- **PROVIDED DATA**
--------------------------------
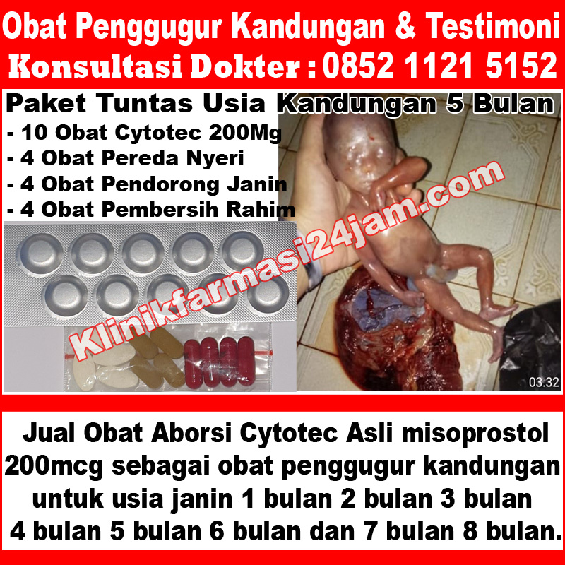 - Paket 5 Bulan : 10 Cytotec + 4 Pendorong Janin + 4 Pereda Nyeri + 4 Pembersih Rahim.
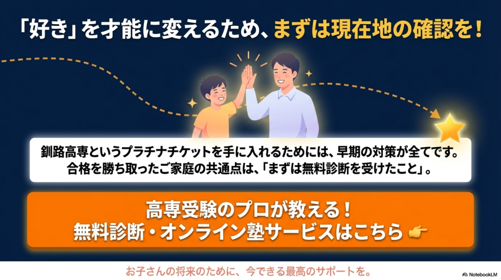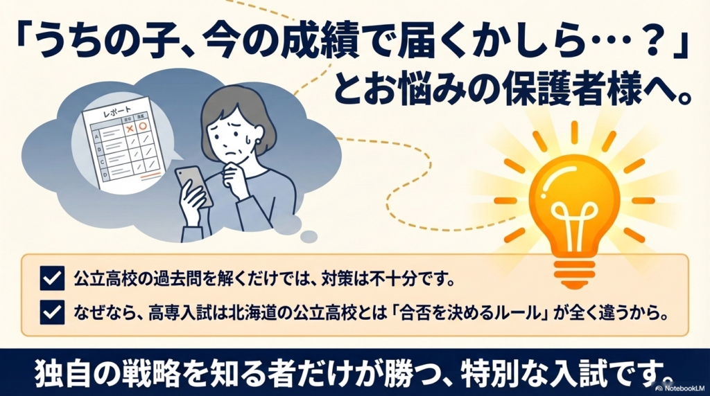 特に釧路高専は、理数系の点数が2倍になる傾斜配点や、中1からの成績が大きく響く内申点計算、さらには全国から受験しやすいオンライン入試の導入など、独自の戦略が必要です。
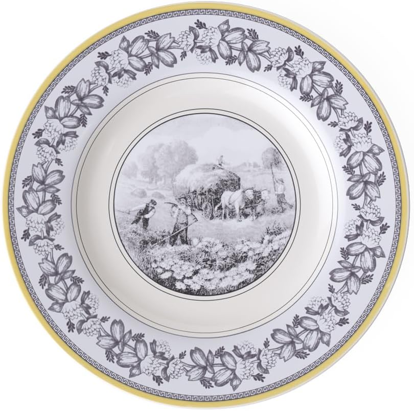 С помощью коллекции Audun бренд Villeroy & Boch изящно соединяет прошлое, настоящее и будущее, вдохновляясь гравюрами на меди, созданными на рубеже прошлого века. Пасторальные сцены в чёрно-белом цвете дополнены акцентной рамкой и подробными принтами. Коллекция Audun состоит из четырёх стилей, таких как Ferme, Promenade, Fleur и Chasse. Все эти стили придадут деревенский колорит любому обеденному столу. Эта тарелка является частью коллекции Audun Ferme в стиле кантри. Черно-белые пасторальные сцены были освежены кремово-желтой акцентной каймой и другими графическими украшениями.
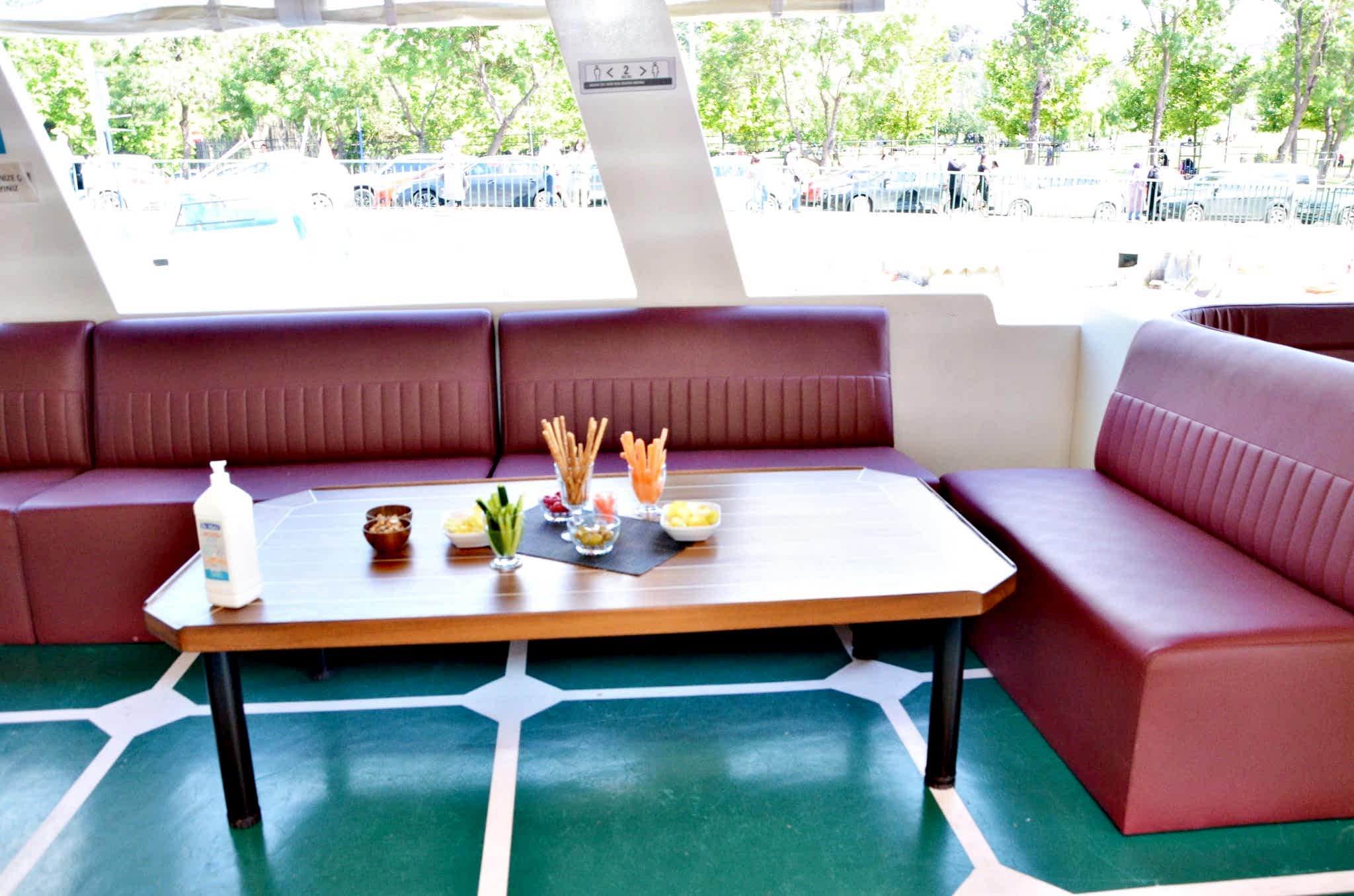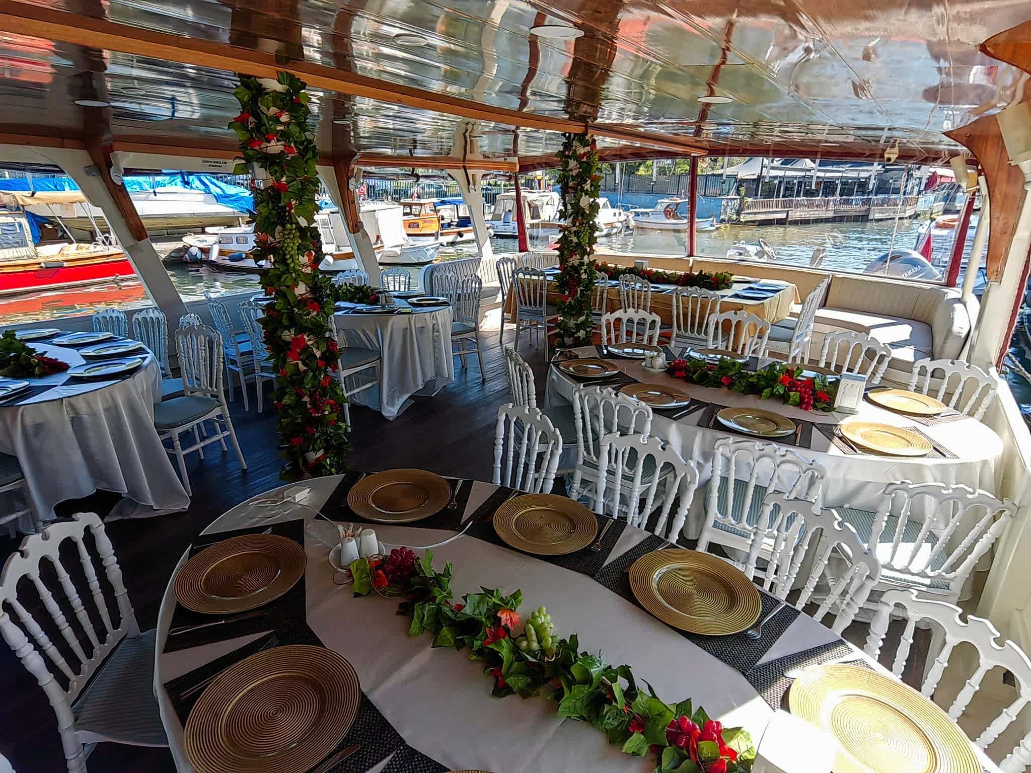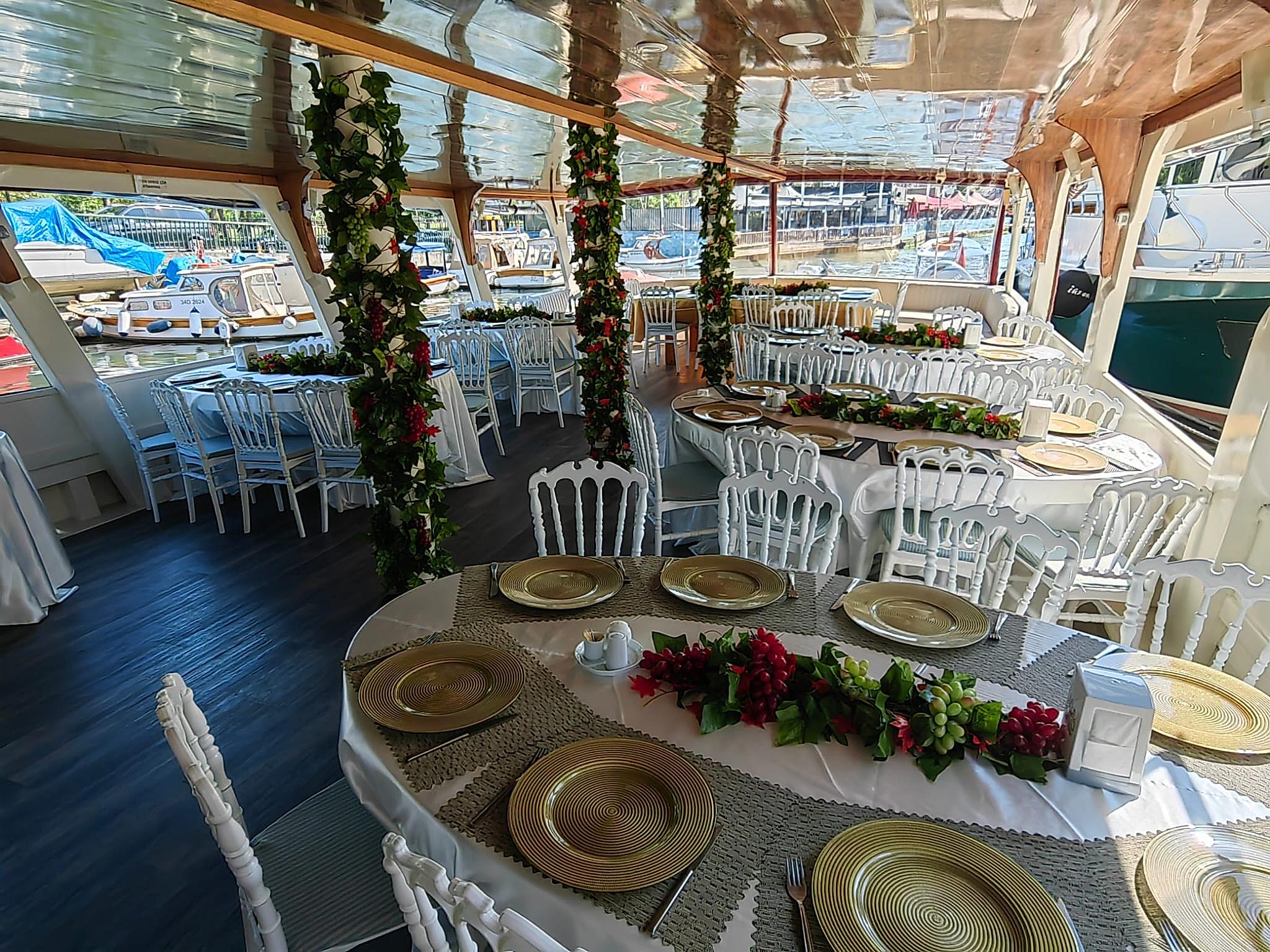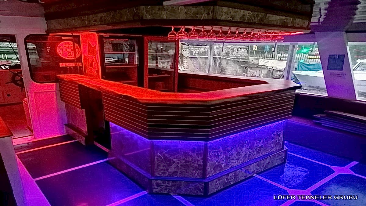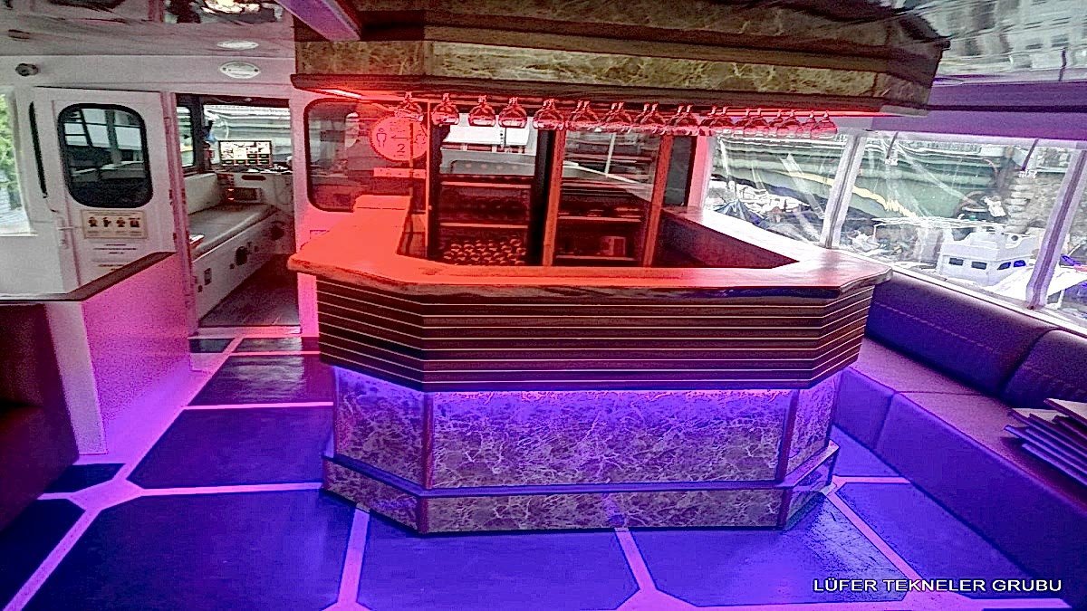 Yemekli Kapasite 60 Kişi , Kokteyl Kapasite 60 kişi .Günlük, saatlik ,akşam ,gündüz kiralık gezi teknesi.
--------------------------------
- **WORK INSTRUCTIONS**
Set the data above down again exactly as given, with no pictures.

- **EXPECTED ANSWER**
 - Paket 5 Bulan : 10 Cytotec + 4 Pendorong Janin + 4 Pereda Nyeri + 4 Pembersih Rahim.
 特に釧路高専は、理数系の点数が2倍になる傾斜配点や、中1からの成績が大きく響く内申点計算、さらには全国から受験しやすいオンライン入試の導入など、独自の戦略が必要です。
 С помощью коллекции Audun бренд Villeroy & Boch изящно соединяет прошлое, настоящее и будущее, вдохновляясь гравюрами на меди, созданными на рубеже прошлого века. Пасторальные сцены в чёрно-белом цвете дополнены акцентной рамкой и подробными принтами. Коллекция Audun состоит из четырёх стилей, таких как Ferme, Promenade, Fleur и Chasse. Все эти стили придадут деревенский колорит любому обеденному столу. Эта тарелка является частью коллекции Audun Ferme в стиле кантри. Черно-белые пасторальные сцены были освежены кремово-желтой акцентной каймой и другими графическими украшениями.
 Yemekli Kapasite 60 Kişi , Kokteyl Kapasite 60 kişi .Günlük, saatlik ,akşam ,gündüz kiralık gezi teknesi.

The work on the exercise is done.